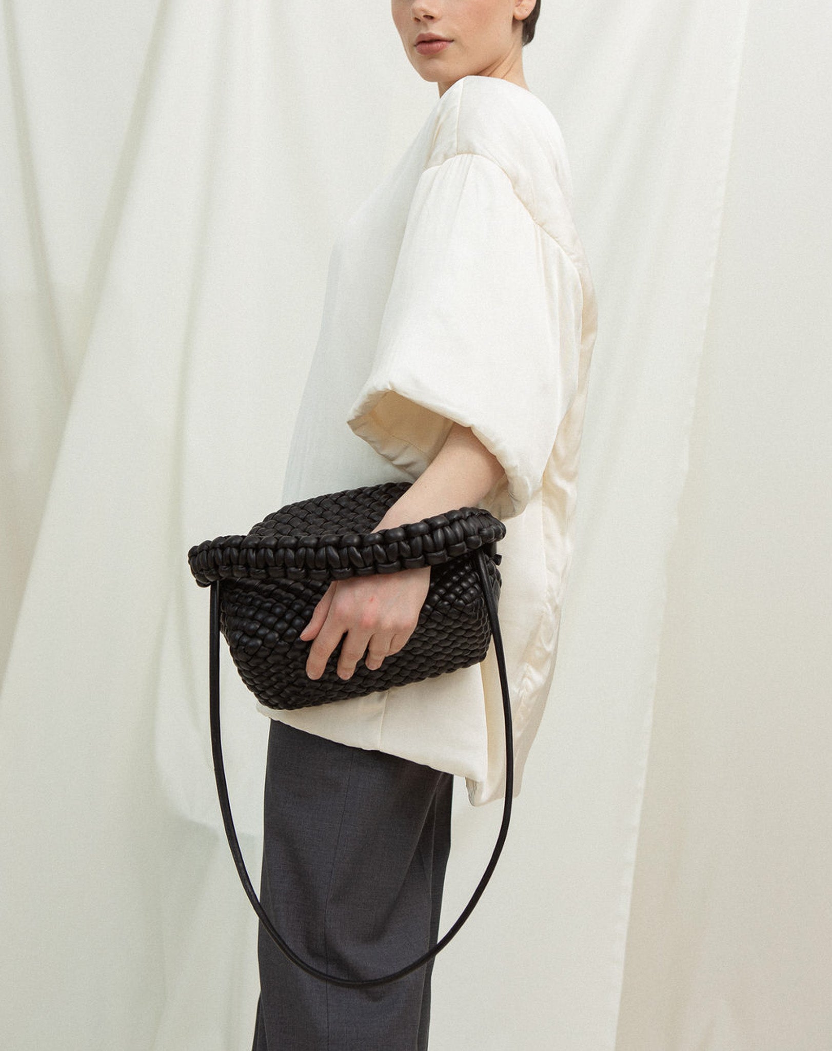 Our Hana clutch is a true favourite, a soft braided sculptural clutch. Handcrafted with a supple baby calf leather and lined with cotton canvas. It is elegantly curved frame with a magnetic closer. Dress the clutch up or down depending on the occasion.
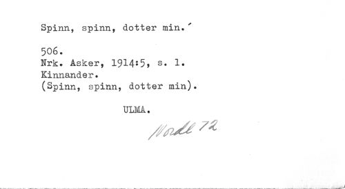 //// Spinn, spinn, dotter min.' 506. //// Urk. Asker, 1914*5> s. 1. Kinnander? //// (Spinn, spinn, dotter min). //// ULMA. ////
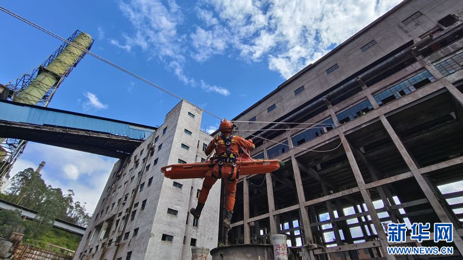斜向救援訓練(6月18日攝)。新華網發(胡童浩 攝)
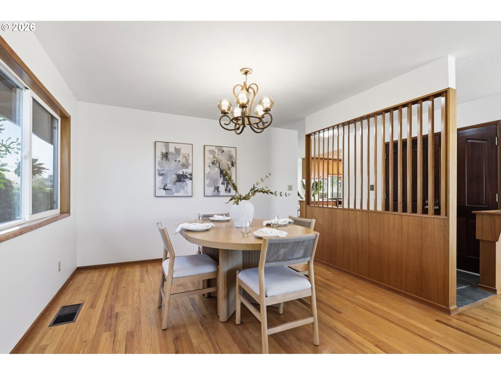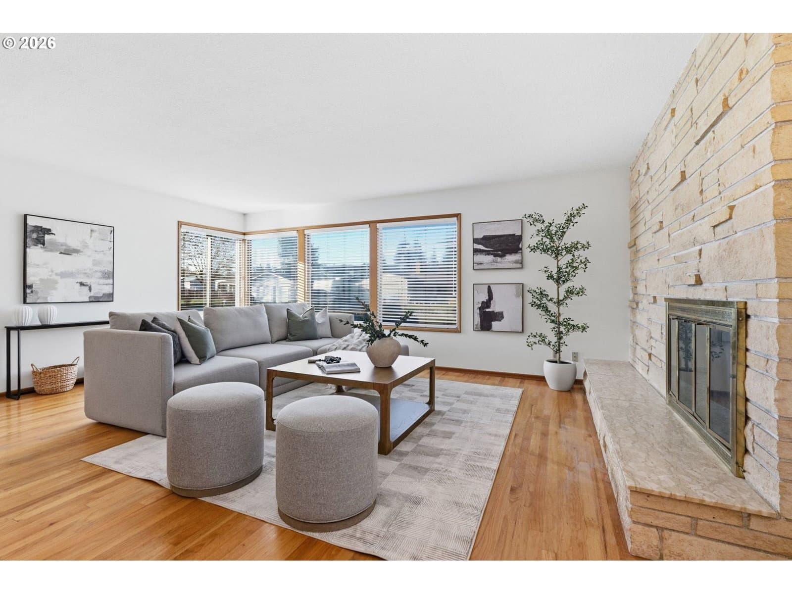 Welcome to this beautifully maintained, single-level gem in a prime Hillsboro location! Upon entry you’re welcomed by mid-century modern details, including a wood room divider and tile entry flooring, setting the stage for the properties enduring charm. The home offers two separate living areas—perfect for gatherings or relaxing by the stone-surround fireplace while natural light pours in through abundant windows. Just off the family room, a cozy nook with a built-in desk and shelving creates the ideal space for a home office, study area, or hobby room. The kitchen features well-maintained cabinetry, quartz countertops, a gas range, and a window overlooking the spacious front yard. A generously sized utility room adds convenience with a sink, folding table, and plentiful pantry storage. Among the four bedrooms is the primary suite, complete with a beautifully remodeled bathroom showcasing a sliding barn door, walk-in tile shower, and expansive new vanity. Set on over a third of an acre—a rare find—this property offers mature landscaping and endless potential for gardening, entertaining, or simply enjoying the outdoors. Just off the patio, a multi-purpose bonus room provides an ideal setting for a studio, workshop, or extra space for storing outdoor gear and hobby supplies. Additional highlights include hardwood floors, a tile roof, NEW furnace w/10 year transferable warranty, NEW interior paint, and loads of original 1960’s charm. Located in an established neighborhood with quick access to downtown Hillsboro’s growing selection of shops, restaurants, breweries, food carts, Hare Field, and local farmers markets. Exceptional location offering easy access to city amenities, all situated on a generous lot! Adjacent lot also available for purchase [Home Energy Score = 4. HES Report at https://rpt.greenbuildingregistry.com/hes/OR10244833]
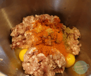 Do mięsa mielonego dodać wszystkie przyprawy, jajka, wycisnąć czosnek i posiekaną na drobno cebulę (cebulę można tez zmielić w blenderze). Wszystko dokładnie wymieszać.
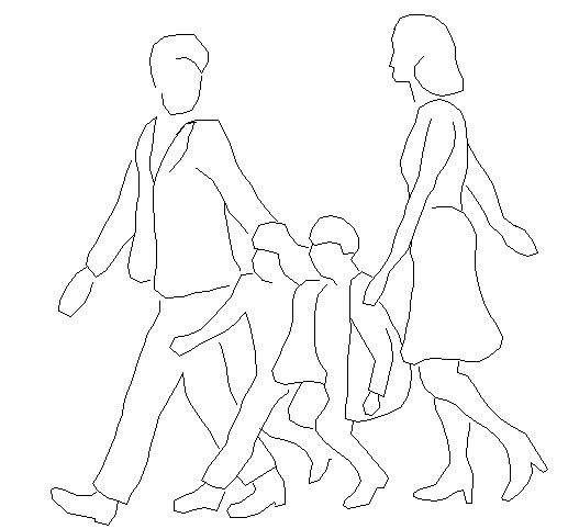 This AutoCAD DWG file features a detailed 2D family people CAD block designed in a front view. The drawing illustrates a walking family group, including two adults and two children, with accurate body proportions and natural postures. Each human figure is represented with smooth linework and proper scaling, making it ideal for inclusion in architectural layouts, park designs, public spaces, or interior drawings. The linear outlines maintain visual consistency, ensuring easy adaptation in both residential and commercial planning drawings.
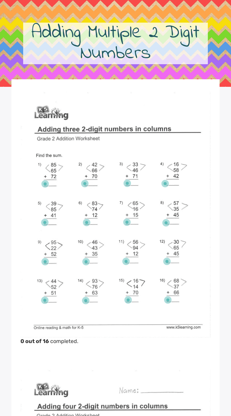 The best source for free addition worksheets. Our free second grade worksheet on multiple digit numbers helps students learn how to carry the numbers and be more proficient in math. 2.nbt.5 fluently add and subtract within 100. In worksheet on addition, all grade students can practice the questions on adding numbers with more than four digits. 1oa2 adding multiple addends (3 addends less than 20) (horizontal) ☆.
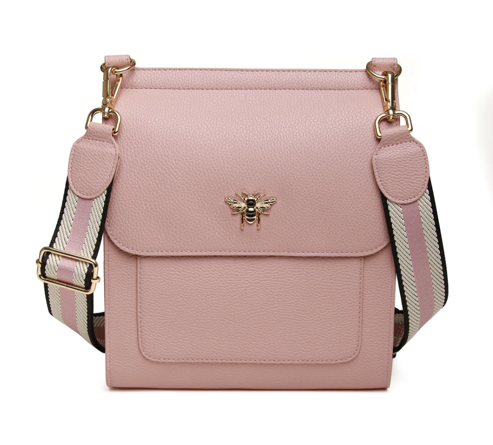 Bloomsbury messenger is the ultimate must have cross body bag, featuring super textured vegan leather, gold toned metalware including removable clasps, magnetic closing and Alice Wheeler signature honey bee insignia which provides that additional flourish and quality synonymous with Alice Wheeler designs. The designer strap is fully adjustable and can be removed should you feel inclined to up-style or customise using one of Alice’s many designer straps.
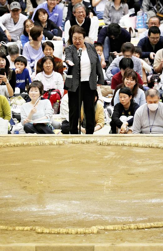"It's frustrating that I'm not allowed [to make this speech on the dohyo] because I'm a woman," said Tomoko Nakagawa, mayor of Takarazuka, Hyogo Prefecture, during a one-day visit to her city by the sumo tour.
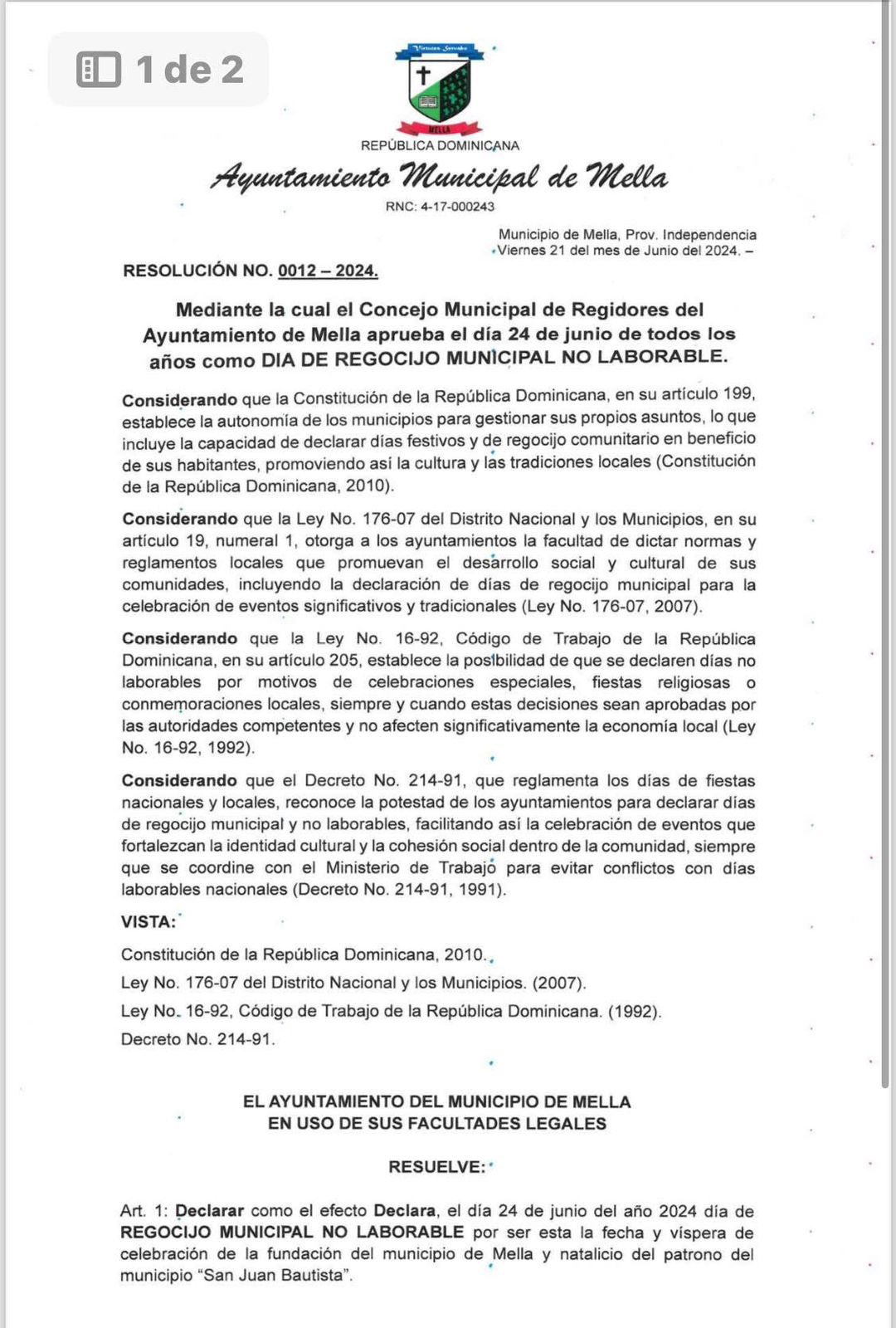 Aviso El Concejo de Regidores del Ayuntamiento de Mella declara el 24 de Junio de cada año como “Día de Regocijo Municipal No Laborable”.
---
**PROBLEM STATEMENT**
Begin with the first line of the records and repeat every line up to the one with "斜向救援訓練(6月18日攝)。新華網發(胡童浩 攝)", counting that line too. Pictures are not part of the copy.

**EXERCISE SOLUTION**
 Our Hana clutch is a true favourite, a soft braided sculptural clutch. Handcrafted with a supple baby calf leather and lined with cotton canvas. It is elegantly curved frame with a magnetic closer. Dress the clutch up or down depending on the occasion.
 //// Spinn, spinn, dotter min.' 506. //// Urk. Asker, 1914*5> s. 1. Kinnander? //// (Spinn, spinn, dotter min). //// ULMA. ////
斜向救援訓練(6月18日攝)。新華網發(胡童浩 攝)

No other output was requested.